Volunteers in AIDS vaccine trials are usually randomly assigned to either the vaccine or placebo group (see VAXOctober-November 2007 Primer on Understanding Randomized, Controlled Clinical Trials). This reduces the chance that variables, such as age, ethnicity, gender, or other baseline characteristics of the volunteers will impact the final results of the trial. After a trial is complete, researchers can look at the background characteristics of the volunteers and determine how well the trial was actually randomized.
Statisticians can also design a trial by randomizing volunteers based on a specific variable that they think may confound the results. In this process, known as stratification, a pre-specified number of volunteers with a previously-identified characteristic are randomly placed into the vaccine and placebo groups. In the STEP trial, volunteers were stratified based on their level of pre-existing immunity to the naturally-circulating cold virus (adenovirus serotype 5, or Ad5), which was used in a disabled form as the vector in this vaccine candidate (see VAX September 2004 Primer onUnderstanding Viral Vectors). Initial analyses showed that the trend toward a higher number of HIV infections in vaccine recipients was apparent in the sub-groups of volunteers who had pre-existing Ad5 immunity.
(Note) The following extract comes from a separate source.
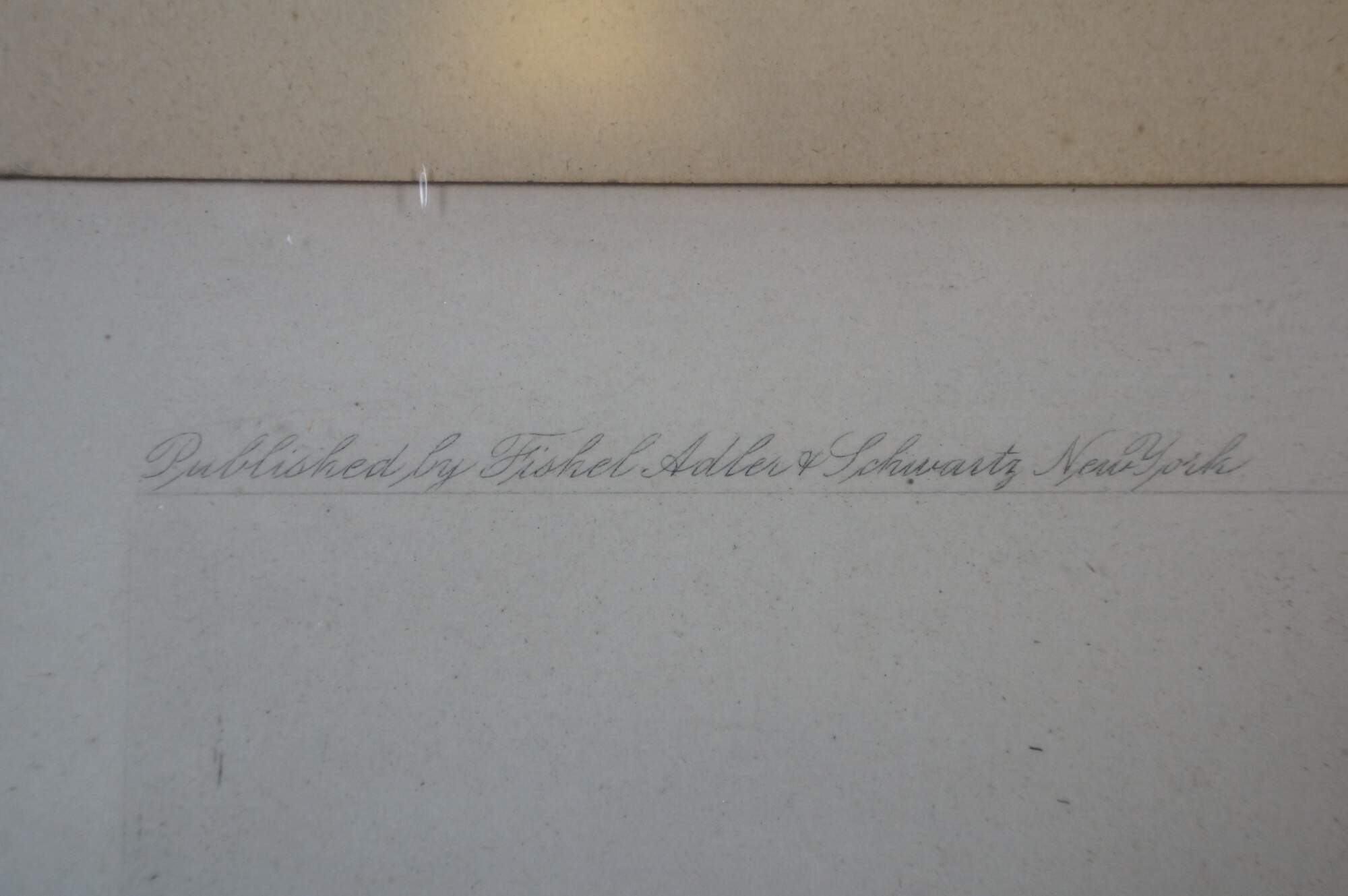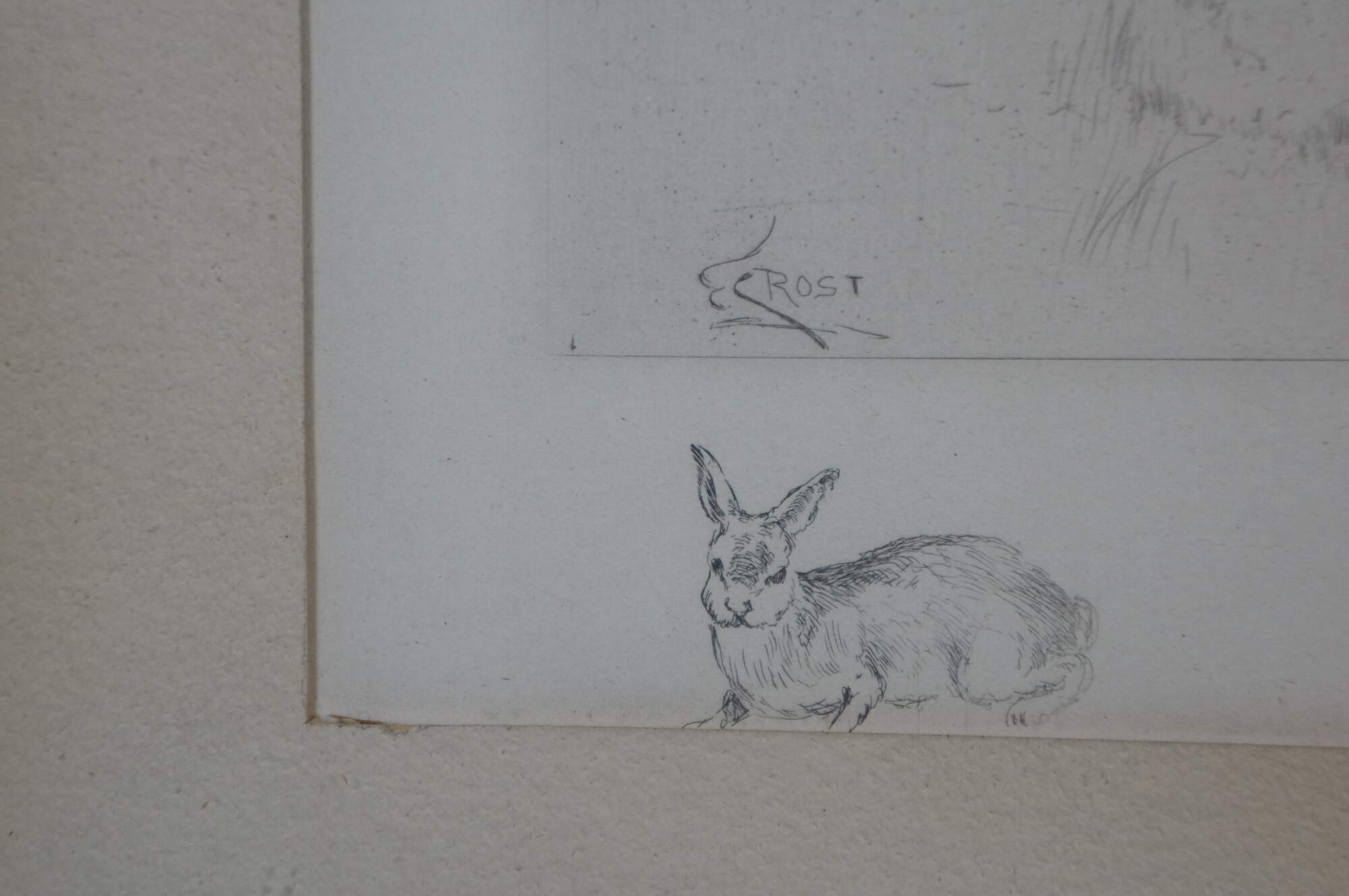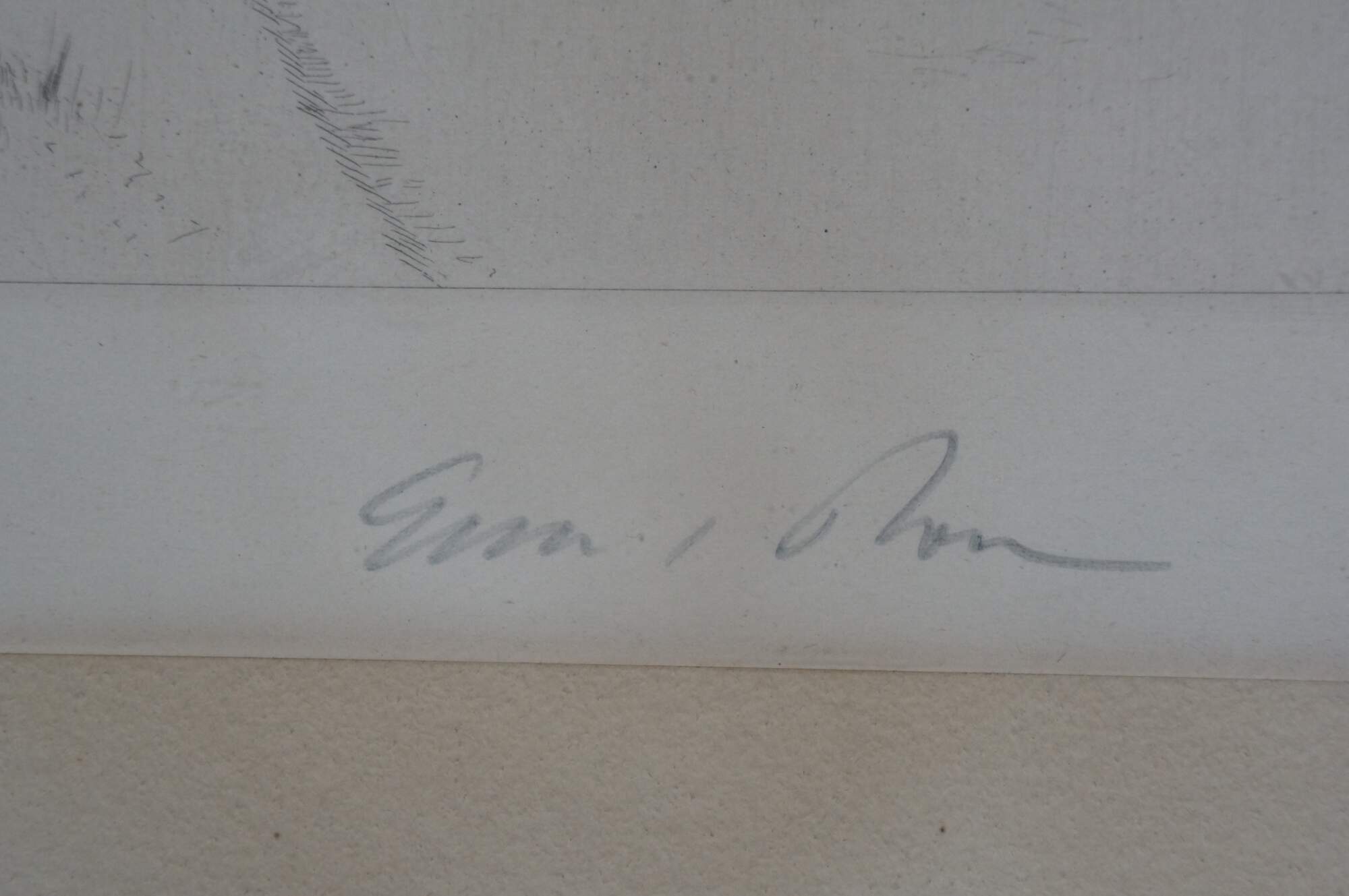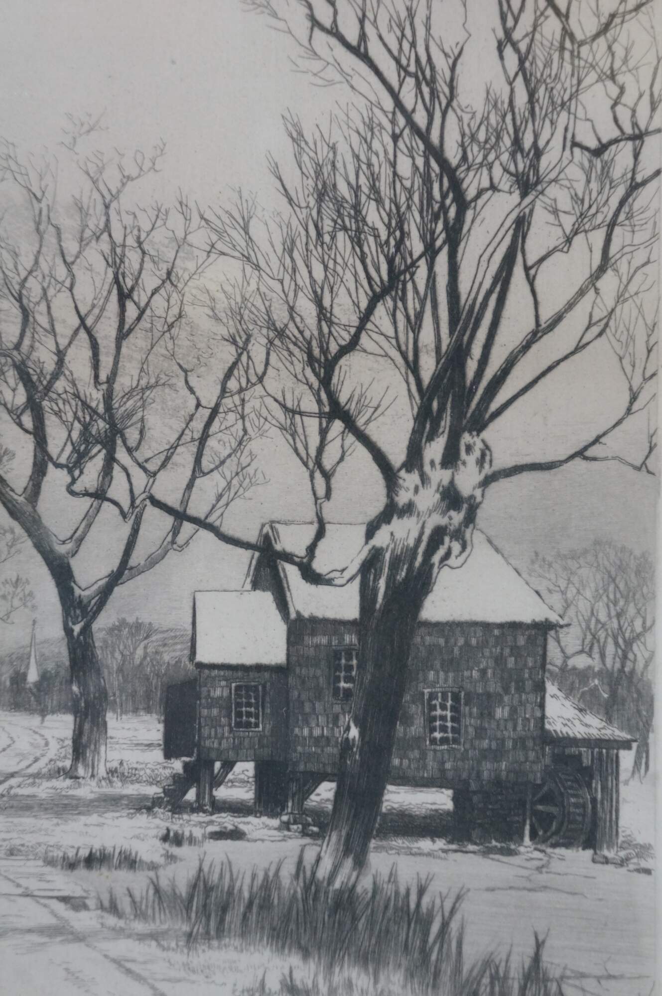 Late 19th century black and white etching by Ernest C. Rost. Vertical landscape showing a snow covered road curving past a small watermill. Published by Fishel Adler & Schwartz, New York. Signed in plate EC Rost, lower right. Remarke of a rabbit, lower right edge. Pencil signed, lower left edge. Scallop shell carved silver giltwood frame; white mat.

More complex analyses were then conducted to see how other factors, in addition to pre-existing Ad5 immunity, influenced the observed results. These so-called multivariate analyses allow statisticians to analyze several variables simultaneously. The most relevant risk factor identified so far for the STEP trial was male circumcision status. Volunteers who received the vaccine candidate were four times more likely than placebo recipients to become HIV infected if they were both uncircumcised and had some degree of pre-existing Ad5 immunity.
According to the investigators of the STEP trial, the trend toward an association between circumcision status and the risk of HIV infection seemed to be as strong, if not stronger, than the trend toward an association between HIV infection and pre-existing immunity to Ad5. However, these results must be interpreted with caution since the multivariate analyses were not part of the original statistical analysis plan for this trial, and were only performed because of the unexpected results. This is called a ‘post-hoc’ analysis, or one done after the fact. Post-hoc analyses provide much less reliable information.
Investigators are now in the process of analyzing the STEP data based on other variables as well. Information collected from these analyses may help researchers develop hypotheses that can then be investigated further.